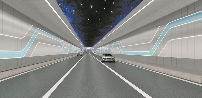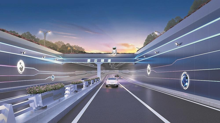 刚刚通车的蜀信路下穿设计为时光隧道既视感,即将通车的另外两条隧道也非常有特色。望丛祠大街下穿起于城南小学,往南下穿成灌高速,止于IT大道,全长0.77公里,宽45米,双向8车道(隧道双6),设计速度50km/h。它最吸引眼球的就是颜值爆表的星空穹顶,深蓝底色配以大小不一的装饰灯,犹如银河在眼前铺开。望帝路下穿起于兰家院子规划路,往南下穿成灌高速,止于清水河北侧规划路,全长0.88公里,宽35米,双向6车道(隧道双4),设计速度40km/h。整条隧道采用简洁的彩色线条勾勒,隧道洞口顶上设计了一名宇航员雕塑,驶入隧道仿佛能听到来自宇宙的呼唤。
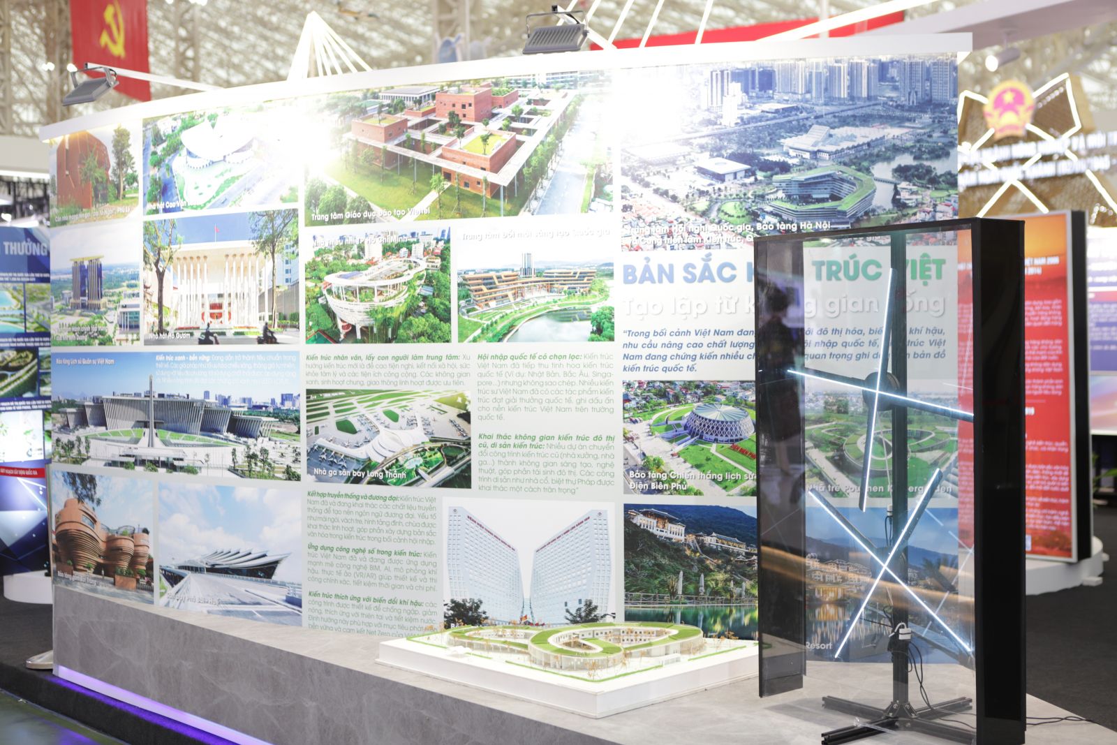 Khu trưng bày thành tựu về Quy hoạch – Kiến trúc, Phát triển đô thị – Nhà ở: Trưng bày bản đồ, mô hình, hình ảnh, thông tin… thể hiện công tácquy hoạch phủ kín 100% các tỉnh, thành phố, làm cơ sở để phát triển không gian đô thị – nông thôn bền vững. Hệ thống đô thị quốc gia ngày càng văn minh hiện đại với gần 900 đô thị, phát triển đồng bộ từ trung ương đến địa phương. Chính sách nhà ở cho mọi đối tượng được phủ kín, đã góp phần đảm bảo an sinh xã hội. Tiên phong ứng dụng mạnh mẽ công nghệ số trong quy hoạch – kiến trúc và quản lý đô thị, số hóa bản đồ quy hoạch, triển khai mô hình đô thị thông minh, áp dụng Digital Twin, GIS, AI, drone, camera thông minh… từng bước hội nhập với xu thế toàn cầu. Đó là những thành tựu khẳng định bước tiến vững chắc góp phần kiến tạo diện mạo mới cho đất nước.
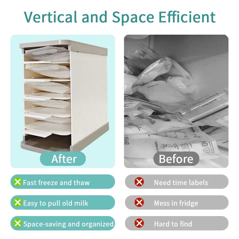 Qu'est-ce qui le rend indispensable pour l'allaitement?Plus besoin de fouiller autour du congélateur pour des sacs de rangement ou de vous soucier de les étiqueter!Et vos sacs de lait maternel seront organisés et faciles à trouver avec cet organisateur de stockage de lait maternel pour congélateur.Il y a deux fentes sur le dessus et le bas de la tour de stockage du lait maternel.Le supérieur est utilisé pour mettre du nouveau lait maternel, tandis que celui du bas est utilisé pour sortir facilement le lait plus ancien.Il se distingue également entre les repas néonataux et adultes

» WHAT YOU NEED TO DO
Please copy the data above character for character, skipping any pictures.

» EXERCISE OUTPUT
 刚刚通车的蜀信路下穿设计为时光隧道既视感,即将通车的另外两条隧道也非常有特色。望丛祠大街下穿起于城南小学,往南下穿成灌高速,止于IT大道,全长0.77公里,宽45米,双向8车道(隧道双6),设计速度50km/h。它最吸引眼球的就是颜值爆表的星空穹顶,深蓝底色配以大小不一的装饰灯,犹如银河在眼前铺开。望帝路下穿起于兰家院子规划路,往南下穿成灌高速,止于清水河北侧规划路,全长0.88公里,宽35米,双向6车道(隧道双4),设计速度40km/h。整条隧道采用简洁的彩色线条勾勒,隧道洞口顶上设计了一名宇航员雕塑,驶入隧道仿佛能听到来自宇宙的呼唤。
 Khu trưng bày thành tựu về Quy hoạch – Kiến trúc, Phát triển đô thị – Nhà ở: Trưng bày bản đồ, mô hình, hình ảnh, thông tin… thể hiện công tácquy hoạch phủ kín 100% các tỉnh, thành phố, làm cơ sở để phát triển không gian đô thị – nông thôn bền vững. Hệ thống đô thị quốc gia ngày càng văn minh hiện đại với gần 900 đô thị, phát triển đồng bộ từ trung ương đến địa phương. Chính sách nhà ở cho mọi đối tượng được phủ kín, đã góp phần đảm bảo an sinh xã hội. Tiên phong ứng dụng mạnh mẽ công nghệ số trong quy hoạch – kiến trúc và quản lý đô thị, số hóa bản đồ quy hoạch, triển khai mô hình đô thị thông minh, áp dụng Digital Twin, GIS, AI, drone, camera thông minh… từng bước hội nhập với xu thế toàn cầu. Đó là những thành tựu khẳng định bước tiến vững chắc góp phần kiến tạo diện mạo mới cho đất nước.
 Qu'est-ce qui le rend indispensable pour l'allaitement?Plus besoin de fouiller autour du congélateur pour des sacs de rangement ou de vous soucier de les étiqueter!Et vos sacs de lait maternel seront organisés et faciles à trouver avec cet organisateur de stockage de lait maternel pour congélateur.Il y a deux fentes sur le dessus et le bas de la tour de stockage du lait maternel.Le supérieur est utilisé pour mettre du nouveau lait maternel, tandis que celui du bas est utilisé pour sortir facilement le lait plus ancien.Il se distingue également entre les repas néonataux et adultes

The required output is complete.